Fuente: https://fppuche.wordpress.com/

LOS GRANDES MISTERIOS DE LA VIDA PRIVADA. 3. EL CUPÓN PRIMA, ABUELO DEL CUPÓN REGALO

FRANCISCO PÉREZ PUCHE, CRONISTA OFICIAL DE VALENCIA

Seguro que los mayores recuerdan el Cupón Regalo Comercial, un sistema de promoción de ventas que funcionó en Valencia entre los años cuarenta a sesenta del siglo XX. Un león, una hucha ahorradora y sobre todo el aspecto imponente de la “Finca de Hierro”, en la calle de Xàtiva, daban solidez y garantía a un sistema por lo demás sencillo: las compras efectuadas en unas tiendas abonadas a la red, reportaban cupones a los clientes; que a su vez, cuando tenían ya pegados los cupones en libretas especiales, podían canjearlas por regalos compensadores.

Sin embargo, tras profundas investigaciones, hemos llegado a la conclusión de que el Cupón Regalo Comercial no fue el primero en trabajar ese sistema de alicientes al consumo. Es más, podemos demostrar, y demostramos, que en el año 1902 empezó a trabajar en Valencia un antecedente que se llamó el Cupón Prima.

En efecto, en la página 4, la página comercial de “Las Provincias” del 21 de mayo de 1902, encontramos un gran anuncio que pregonaba la puesta en marcha e inauguración, el día siguiente, de un servicio comercial revolucionario y remunerador. “Un buen porvenir para Valencia”, decía un titular a ocho columnas bajo el que se explicaba que la Compañía Parisiense de Cupones Prima Mercantiles se había establecido en Barcelona, en la Ronda de la Universidad, 22, para abrir sucursal en la calle de Zaragoza, números 28 y 30, donde las puertas estaban abiertas al público.

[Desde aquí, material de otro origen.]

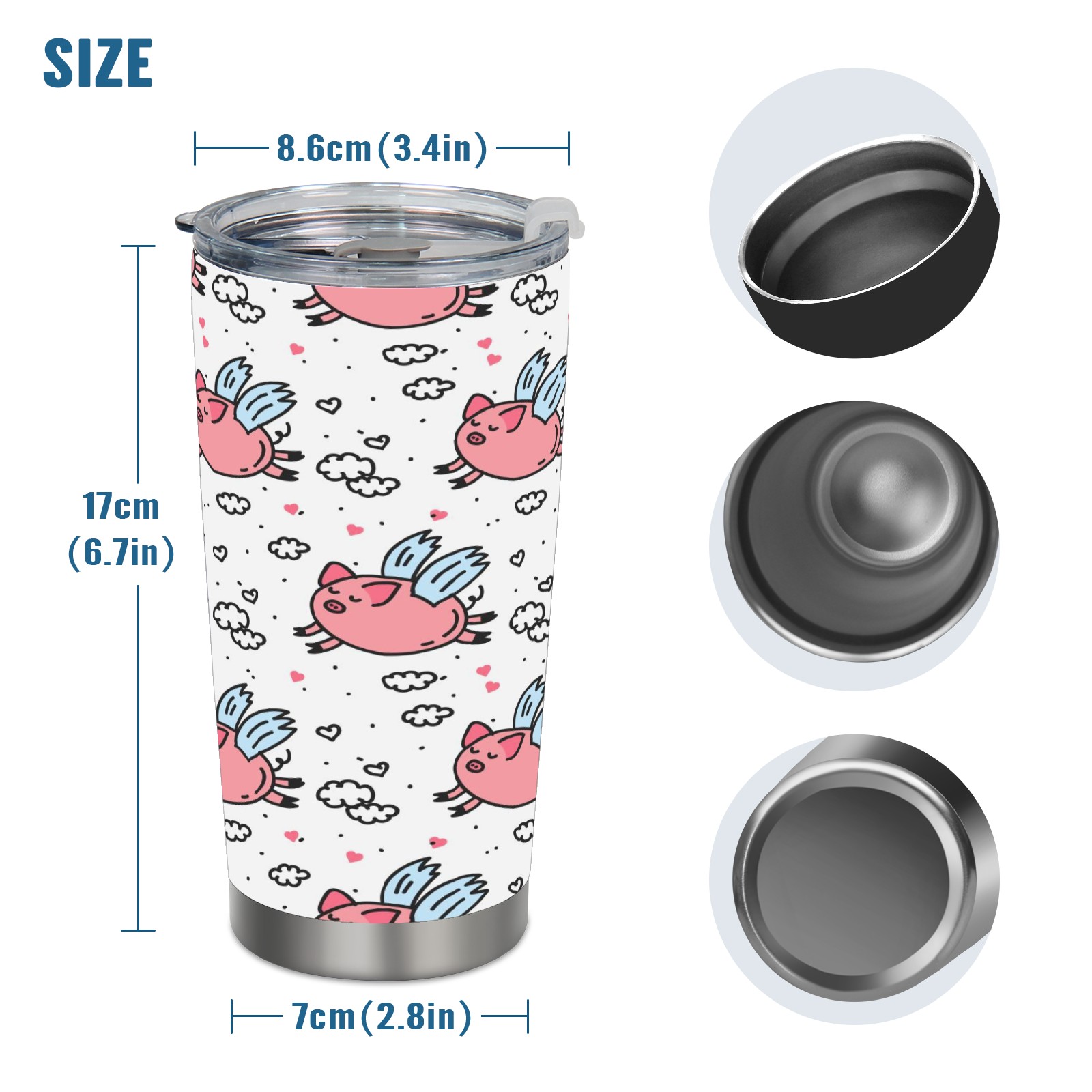 20 oz Tumbler Flying Pig Love Stainless Steel Insulated Tumbler with Lid Double Wall Vacuum Insulated Travel Mug Cup for Coffee Ice Hot Drinks

El modelo de incentivo de ventas era el que después siguió el Cupón Regalo de los años cincuenta. Un grupo de voluntariosas señoras habían repartido libretas por toda la ciudad y una larguísima lista de comercios, cuya relación llenaba la página, estaban adheridos al sistema. Ahora se anunciaba la apertura de puertas del establecimiento de la calle de Zaragoza, donde se podía ver la infinidad de objetos que se cambiarían por libretas. Todo visitante que llevara ya una libreta recibiría 25 cupones como obsequio promocional.

Librerías, chocolaterías, restaurantes, perfumerías, sombrererías y ferreterías; tiendas de música, de guantes, abanicos, salazones, artículos de regalo, mantas y zapatos; grandes, pequeños y medianos comercios, figuraban en el cuadro del anuncio, que es por sí mismo una estupenda guía comercial de la ciudad. Más de cincuenta ultramarinos, las mejores relojerías, las tiendas de fotografía… Desde la novísima calle de la Paz a la plaza de San Francisco, desde la calle de San Vicente a la calle de Serranos, toda la Valencia comercial de principios de siglo estaba dispuesta a participar y ofrecía un cupón por cada dos reales de compra efectiva. Y no se olvidaba, ni mucho menos, la participación del Grao: los mejores establecimientos de una población incorporada a la ciudad hacía no más de cinco años, estaban en la lista.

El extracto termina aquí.